The present disclosure generally relates to improving virtual representations of real subject in a virtual environment, and more particularly to modeling glasses with different materials, and interactions between faces and eyeglasses, rendering more accurate and photorealistic representations of faces.


BACKGROUND

Virtual presentations of users have become increasingly focal to social presence, and with it, the demand for the digitization of clothes, accessories, and other physical features and characteristics. However, virtual representations do not effectively capture the geometric and appearance interactions between a person and an accessory. For example, modeling the geometric and appearance interactions of glasses and the face for generating a virtual representation (e.g., an avatar) based thereon is a challenge and generally suffers from view and temporal inconsistencies. Thus, they do not faithfully reconstruct all geometric and photometric interactions present in the real world. Conventional generative models also lack structural priors about faces or glasses which leads to suboptimal fidelity. In addition, the generative models are not relightable, thus not allowing us to render glasses on faces in a novel illumination.


As such, there is a need to provide users with improved virtual representations that achieve realism and photorealistic rendering of real objects/accessories interacting with humans in a virtual space.


BRIEF SUMMARY

The subject disclosure provides for systems and methods for modeling avatars of a subject based on a generative morphable model that enables joint modeling of geometric and photometric interactions of glasses and faces from dynamic multi-view image collections.
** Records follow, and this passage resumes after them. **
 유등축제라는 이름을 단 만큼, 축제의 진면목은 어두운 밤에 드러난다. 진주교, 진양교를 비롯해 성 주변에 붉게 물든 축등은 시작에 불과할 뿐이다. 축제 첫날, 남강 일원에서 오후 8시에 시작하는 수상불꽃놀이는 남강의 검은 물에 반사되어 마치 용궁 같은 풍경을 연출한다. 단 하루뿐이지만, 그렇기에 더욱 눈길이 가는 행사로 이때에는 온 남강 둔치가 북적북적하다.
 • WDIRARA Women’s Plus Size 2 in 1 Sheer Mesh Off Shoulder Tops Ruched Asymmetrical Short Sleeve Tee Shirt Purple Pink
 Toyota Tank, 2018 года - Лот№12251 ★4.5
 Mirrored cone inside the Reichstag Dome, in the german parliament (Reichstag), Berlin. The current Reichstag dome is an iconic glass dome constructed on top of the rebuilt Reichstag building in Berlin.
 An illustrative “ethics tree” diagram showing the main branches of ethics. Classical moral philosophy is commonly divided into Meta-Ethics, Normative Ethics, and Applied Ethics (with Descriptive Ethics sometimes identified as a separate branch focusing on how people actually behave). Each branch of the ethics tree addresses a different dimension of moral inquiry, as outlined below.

One aspect of the present disclosure relates to a method for modeling subjects in a virtual environment. The method may include receiving, from a client device, image data including at least one subject. The method may include extracting, from the image data, a face of the at least one subject and an object interacting with the face. The method may include generating a set of face primitives based on the face, the set of face primitives comprising geometry and appearance information. The method may include generating a set of object primitives based on a set of latent codes for the object. The method may include generating an appearance model of photometric interactions between the face and the object. The method may include rendering an avatar based on the appearance model, the set of face primitives, and the set of object primitives.
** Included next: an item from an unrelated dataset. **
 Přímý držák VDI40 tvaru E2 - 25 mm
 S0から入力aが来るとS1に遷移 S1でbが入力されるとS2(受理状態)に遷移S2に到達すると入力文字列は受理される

Another aspect of the present disclosure relates to a system configured for modeling subjects in a virtual environment. The system may include one or more processors configured by machine-readable instructions. The processor(s) may be configured to receive image data including at least one subject. The processor(s) may be configured to extract from the image data, a face of the at least one subject and an object interacting with the face. The processor(s) may be configured to generate a set of face primitives based on the face, the set of face primitives comprising geometry and appearance information. The processor(s) may be configured to generate a set of latent codes for the object, the set of latent codes including geometry latent codes and appearance latent codes. The processor(s) may be configured to generate a set of object primitives based on the set of latent codes for the object. The processor(s) may be configured to generate an appearance model of photometric interactions between the face and the object. The processor(s) may be configured to render an avatar based on the appearance model, the set of face primitives, and the set of object primitives.
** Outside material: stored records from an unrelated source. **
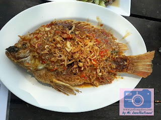 และแล้ว…เมนูที่สองก็มาถึง เมนูนี้ก็เพื่อสุขภาพนิดหน่อย นั่นก็คือ (แอ่น…แอ้น…แอ๊น!!) ปลาทับทิมราดพริกนั่นเอง!! แบบว่า ไม่ใช่แค่ราดพริกนะครับ มีโรยสมุนไพรด้วย รสชาติเปรี้ยวหวาน และปลาทอดเนื้อนุ่มมากครับ รับประทานกับข้าวสวย บอกเลยอร่อยเหาะครับ!!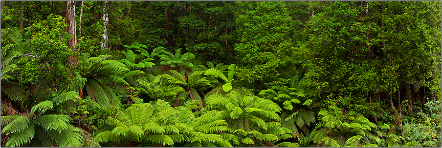 A deep lush valley in Tarra Bulga NP is filled with magnificent tree ferns and myrtle beech trees. |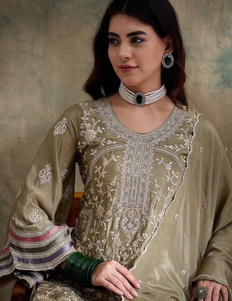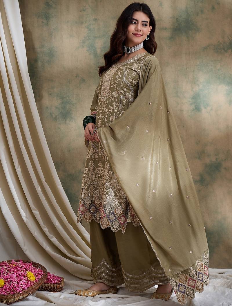 | Product Description | Elegant Mehendi Kurta Pant Set Crafted In Premium Chinon Fabric For A Soft And Graceful Drape. Straight Embroidered Kurta With A 42 Inch Length, Fully Stitched And Ready To Wear. Matching Chinon Pant With Santoon Inner, Stitched For Comfort And All Day Wear. Beautiful Embroidered Chinon Dupatta With A 2.15 Meter Length For A Complete Ethnic Look. Perfect For Festive Occasions, Family Functions, And Traditional Gatherings. |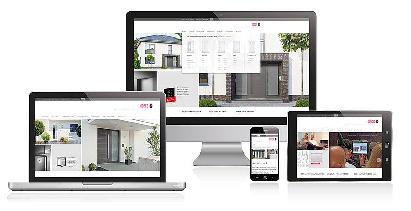 Design ist für adeco ein wichtiges Thema. Nicht nur in Punkto Türfüllungen, sondern auch beim Design der Website. Um den Zugriff auf unsere Website für Smartphones und Tablets wie iPhone und iPad zu optimieren, haben wir die Website umgestaltet. Das Responsive Webdesign (RWD) der neuen Site nimmt auf eine Vielzahl verschiedener Endgeräte Rücksicht. Beim Haustürkonfigurator folgt die Anpassung ins Responsive Webdesign Ende dieses Jahres.

Yet another aspect of the present disclosure relates to a non-transient computer-readable storage medium having instructions embodied thereon, the instructions being executable by one or more processors to perform a method for modeling subjects in a virtual environment. The method may include receiving, from a client device, image data including at least one subject. The method may include extracting, from the image data, a face of the at least one subject and an eyeglass interacting with the face. The method may include generating a set of face primitives based on the face, the set of face primitives comprising geometry and appearance information. The method may include generate a set of latent codes for the eyeglass, the set of latent codes including geometry latent codes and appearance latent codes. The method may include generating a set of eyeglass primitives based on the set of latent codes for the eyeglass. The method may include generating an appearance model of photometric interactions between the face and the eyeglass. The method may include rendering an avatar based on the appearance model, the set of face primitives, and the set of eyeglass primitives.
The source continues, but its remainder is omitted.